- _Exercise brief_:
Leaving the pictures aside, repeat each line below exactly.

- _Data extract_:
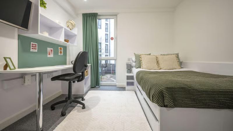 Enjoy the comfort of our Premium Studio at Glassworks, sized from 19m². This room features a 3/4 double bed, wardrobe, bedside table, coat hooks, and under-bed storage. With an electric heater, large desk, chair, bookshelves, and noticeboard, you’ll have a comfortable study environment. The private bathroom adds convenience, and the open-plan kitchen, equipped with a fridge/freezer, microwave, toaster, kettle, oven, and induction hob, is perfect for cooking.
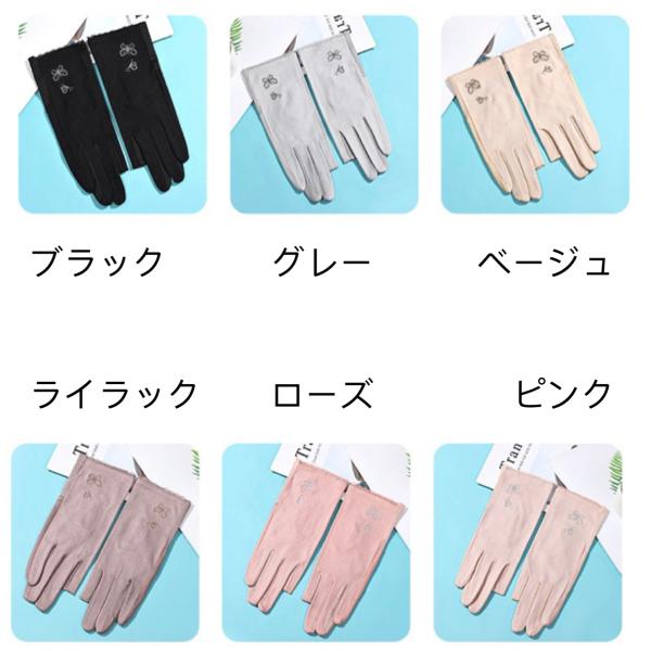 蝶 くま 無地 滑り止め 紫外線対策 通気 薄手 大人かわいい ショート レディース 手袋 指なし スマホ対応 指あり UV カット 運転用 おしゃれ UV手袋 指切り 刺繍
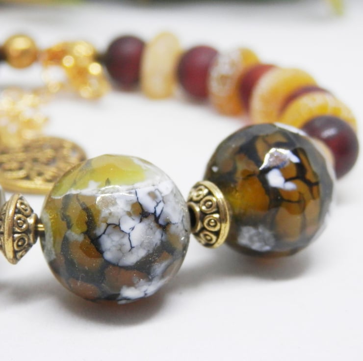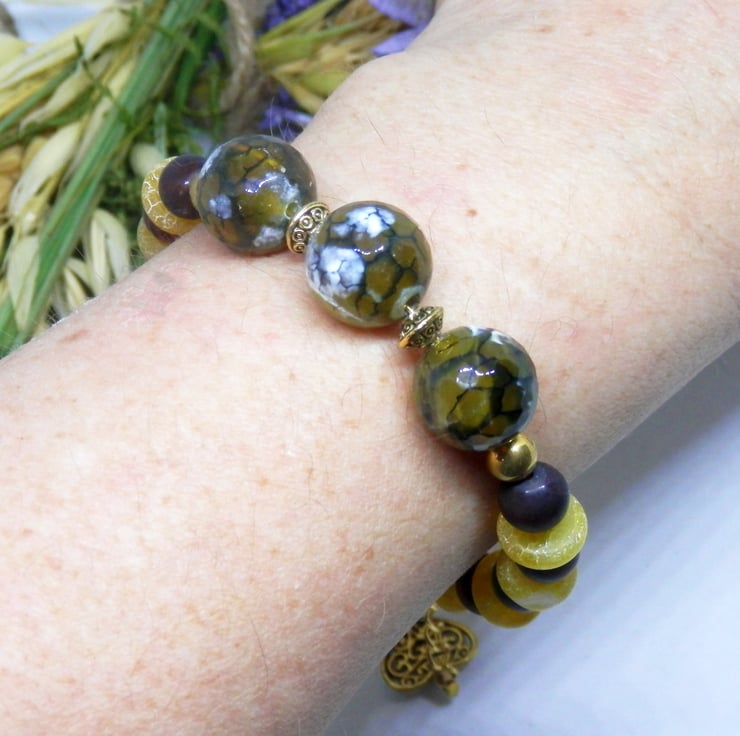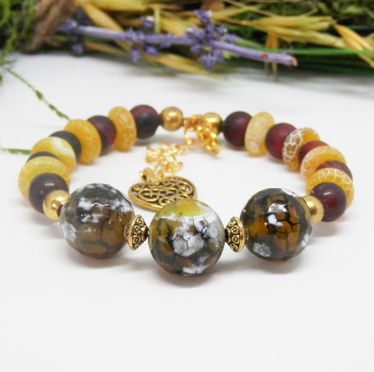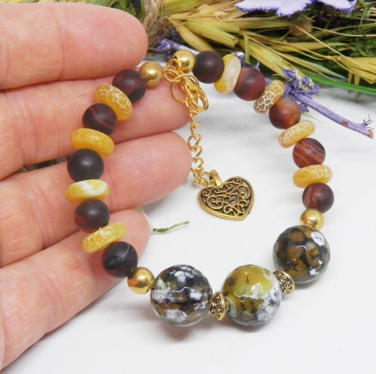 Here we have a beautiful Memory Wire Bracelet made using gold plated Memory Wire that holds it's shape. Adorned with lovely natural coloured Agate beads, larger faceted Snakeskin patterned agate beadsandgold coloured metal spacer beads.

- _Answer to this exercise_:
 Enjoy the comfort of our Premium Studio at Glassworks, sized from 19m². This room features a 3/4 double bed, wardrobe, bedside table, coat hooks, and under-bed storage. With an electric heater, large desk, chair, bookshelves, and noticeboard, you’ll have a comfortable study environment. The private bathroom adds convenience, and the open-plan kitchen, equipped with a fridge/freezer, microwave, toaster, kettle, oven, and induction hob, is perfect for cooking.
 蝶 くま 無地 滑り止め 紫外線対策 通気 薄手 大人かわいい ショート レディース 手袋 指なし スマホ対応 指あり UV カット 運転用 おしゃれ UV手袋 指切り 刺繍
 Here we have a beautiful Memory Wire Bracelet made using gold plated Memory Wire that holds it's shape. Adorned with lovely natural coloured Agate beads, larger faceted Snakeskin patterned agate beadsandgold coloured metal spacer beads.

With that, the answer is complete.